September 18, 2010
insecurity & uncertainty.
i think it's safe to say that the majority of people my age, your typical college student, is desperately looking for answers: what should i major in? is this really the school i should be it? how should i get involved? am i going to meet those life-long friends here? what am i gonna do after i graduate? ...the list goes on and on. i think the greatest question of all though is this:
who am i?
for your average 13-21 year old, these three words are probably as loaded as saying those other "3 little words." as i have coffee chats with friends, or just run into them at school, or pass by and say hey, that constant need to "figure ourselves out" is obvious in each and every person. and sometimes i think that the answer is so simple, we just tend to overlook. we over-analyze, worry, overthink, and doubt ourselves, when the answer is right there in front of our face:
who does GOD want me to be?
and the answer to that is pretty straight-forward, no matter how complicated you think you are. my best friend inspired me with something she wrote recently. in a vulnerable and incredibly honest paper regarding humility, she reminded me of the greatest truth of all: God is the be all and end of all of everything, and we are nothing. this is not to say that God doesn't care for us, or belittle us. He is not the "big man upstairs" who holds us all by our puppet strings.

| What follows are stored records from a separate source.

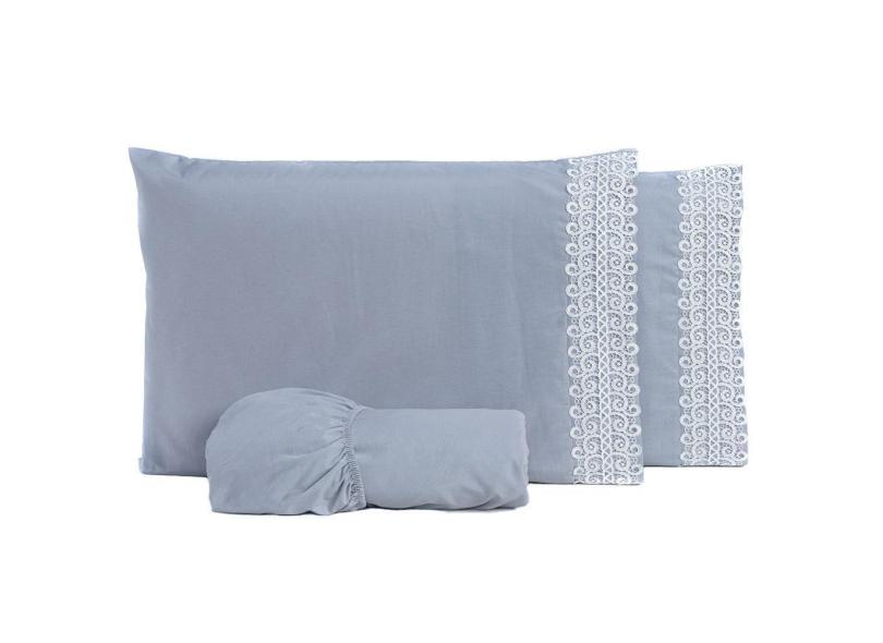 Jogo De Cama Casal Padrão 03Pçs Percal Liso 200 Fios Cinza
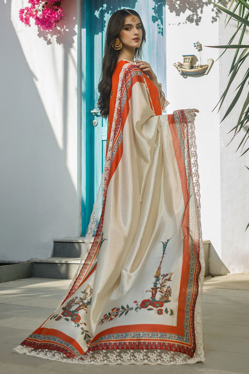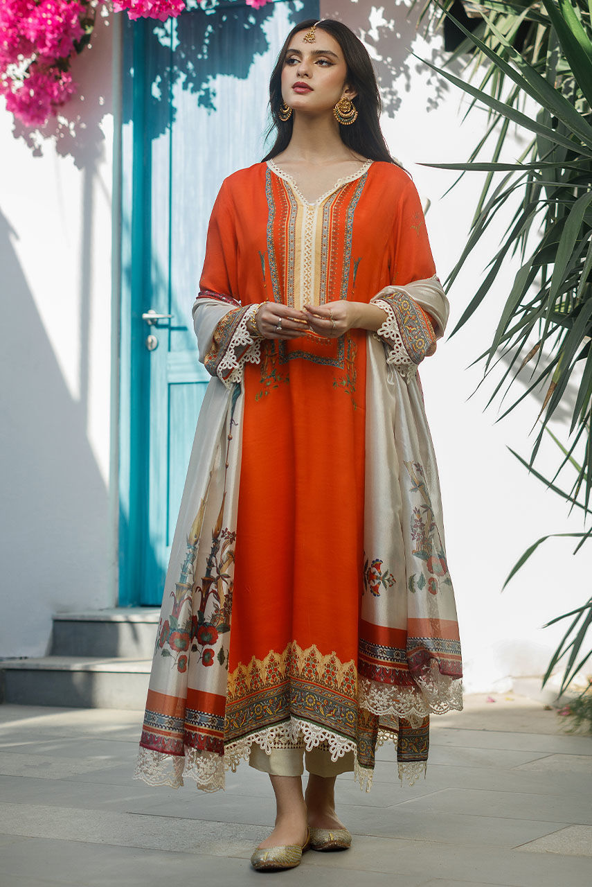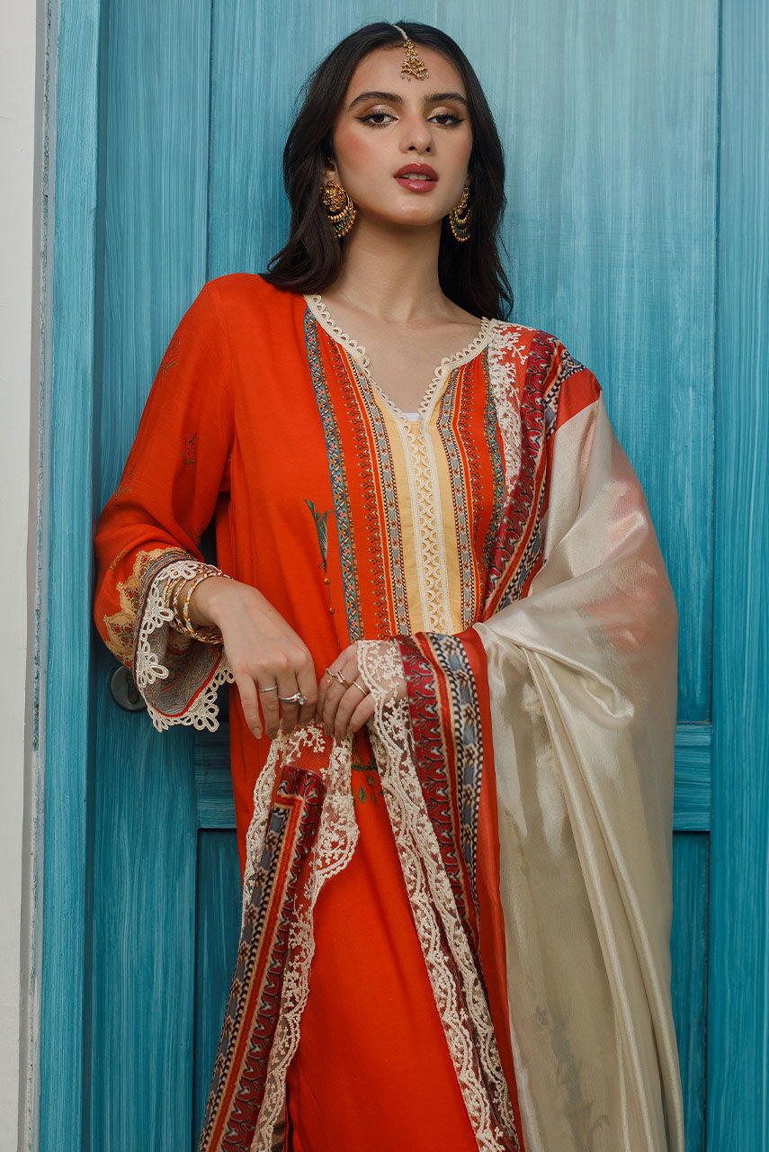 Featuring shades of tangerine, burnt orange, terracotta, and beige gold the ensemble features prints inspired by the baroque floral design. It is a perfect blend of old world meets modern.
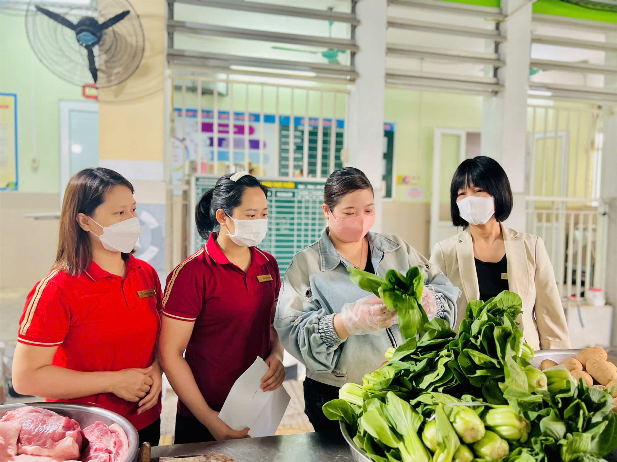 Nguồn thực phẩm cung cấp cho bếp ăn được đảm bảo nguồn gốc rõ ràng từ các nhà cung ứng và có giấy kiểm dịch thực phẩm an toàn. Khi giao nhận thực phẩm có đầy đủ các hóa đơn chứng từ. Thực phẩm khi tiếp nhận phải tươi ngon, rau củ không héo úa, thịt cá còn tươi không có mùi ôi, thiu…
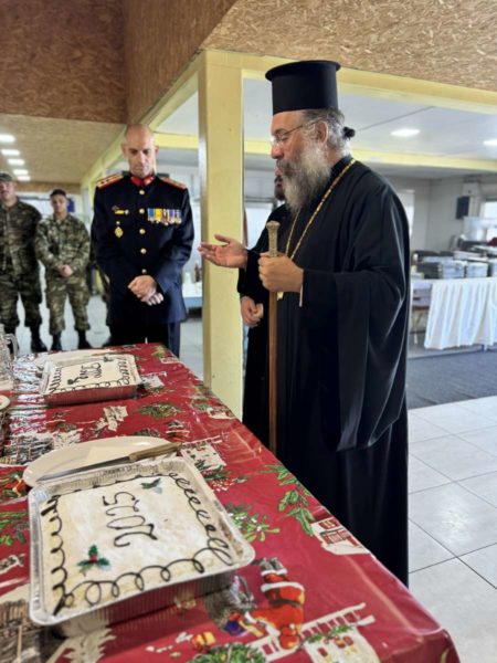 Στη συνέχεια, ο Σεβασμιώτατος επισκέφθηκε εορτίως τα Στρατόπεδα του Ρεθύμνου και γευμάτισε με τον Διοικητή του 547 Α/Μ Τάγματος Πεζικού, Αντισυνταγματάρχη κ. Διονύσιο Αναστασόπουλο, τον Υποδιοικητή του 548 Α/Μ Τάγματος Πεζικού, Ταγματάρχη κ. Νικόλαο Βαβλέκη, και τους στρατιώτες, ευχόμενος σε αυτούς και τις οικογένειές τους πλούσια την ευλογία του Θεού και κατά τη διάρκεια του ανατείλαντος νέου έτους.
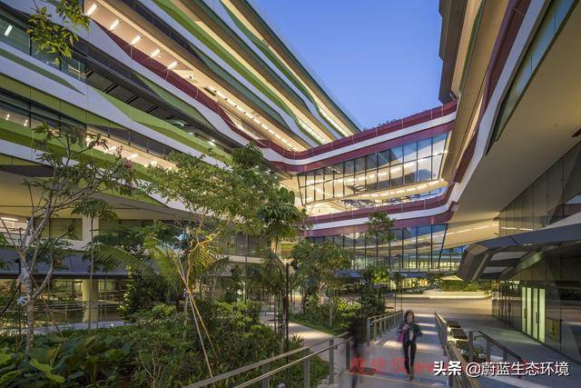 低水消耗原生景观树种将其从外部区域织入建筑结构中,以减少城市热岛效应
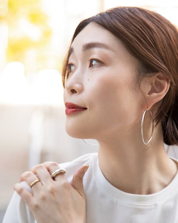 赤いルージュをきかせてシンプルな着こなしを華やかに
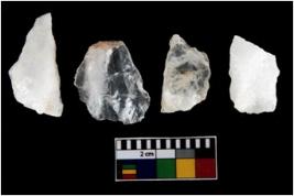 | Description / विवरण | There are n-4 of intact utilized flakes made up of Quartz. Some of them have bulge of percussion and some are flat flakes. |
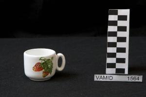 Tazza da caffè con basso corpo cilindrico; manico ovale; fondo color bianco con motivo a carattere vegetale (fragole con foglie) realizzato in decalcomania policroma.
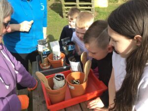 Big thanks to Eric and Harper’s mums. We’ve planted loads of veg, and today we planted flowers for wildlife.
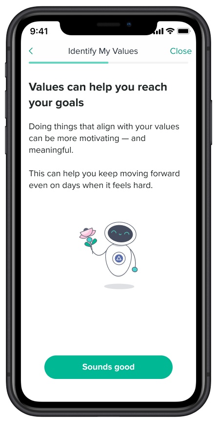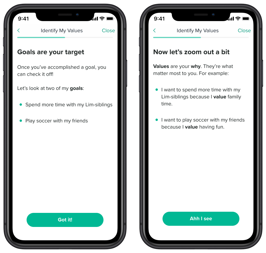 The solution: After reviewing a few potential solutions internally, we determined that the best fit would be to resurface goals in Level 2 of the program where the concept of ‘values’ are also introduced to the user. We made the decision to teach the user about goals from the perspective of the program’s guide, Limbot. This is a method utilized at other stages in the program that has tested well with users and made it easier to blend the new content in with the existing.
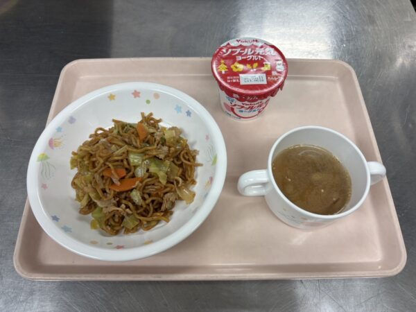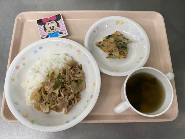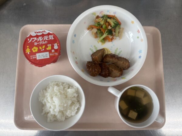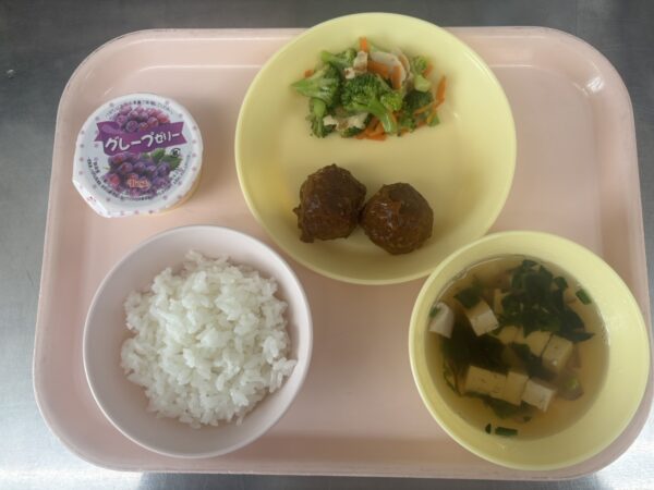 今日の給食は、ごはん・すまし汁(しいたけ、豆腐、ほうれん草)・みそだれ肉団子・和風和え・フルーツゼリー(未満児さんは鉄分ヨーグルト)です。
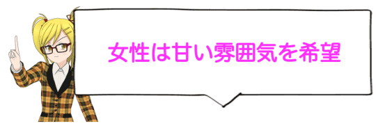 たまに見える強引さは恋のスパイスにもなりますが、甘い雰囲気を作るという点でいえば過程を楽しむことのほうが大切です。

He is the only person who loves unconditionally, loves constantly, and loves perfectly. why then is it so hard for us to believe that? to trust it?
i see insecurity, that self-doubt in countless faces. in fact, that is normal. to see completely confidence and peace? that, is rare. and that is what i strive for. those people who know who they are, not because of their appearance, or their talent, or their other assets, but because they know who GOD intended them to be. and even if they don't have it all figured out yet, there is complete peace & freedom in the ability to completely hand your life over to the only One you should trust it with.
people disappoint. they fail. they fall. they. are. human. and the majority are all still incredibly unsure of their own lives. why then do we spend so much time looking for their approval? for me, it's never the people who "seem to have it all" who impress me, it's the people who may not have it all, don't care, and live with authenticity. those are the people that inspire me.
i donno, i guess what i'm trying to say is that too often we second guess ourselves, or our plans, instead of just surrendering and then stepping out in faith. i know it's cliche : be true to yourself, don't change, believe in yourself. but i look at it like this : be true to who God designed you to be, don't try to change that person, and believe that He has the best plan for your life in store. if He knew you since before you were even born, then why doubt what He has intended for your life? he knew you were gonna meet that girl, or that guy. he knew that you would choose where you wanted to go to school. he has it all set up. so live in it, revel in it.
i'm sure he has plenty of curveballs up ahead, but the one thing that won't change is His perfect and complete love for us. that, you can count on. that, will never fail.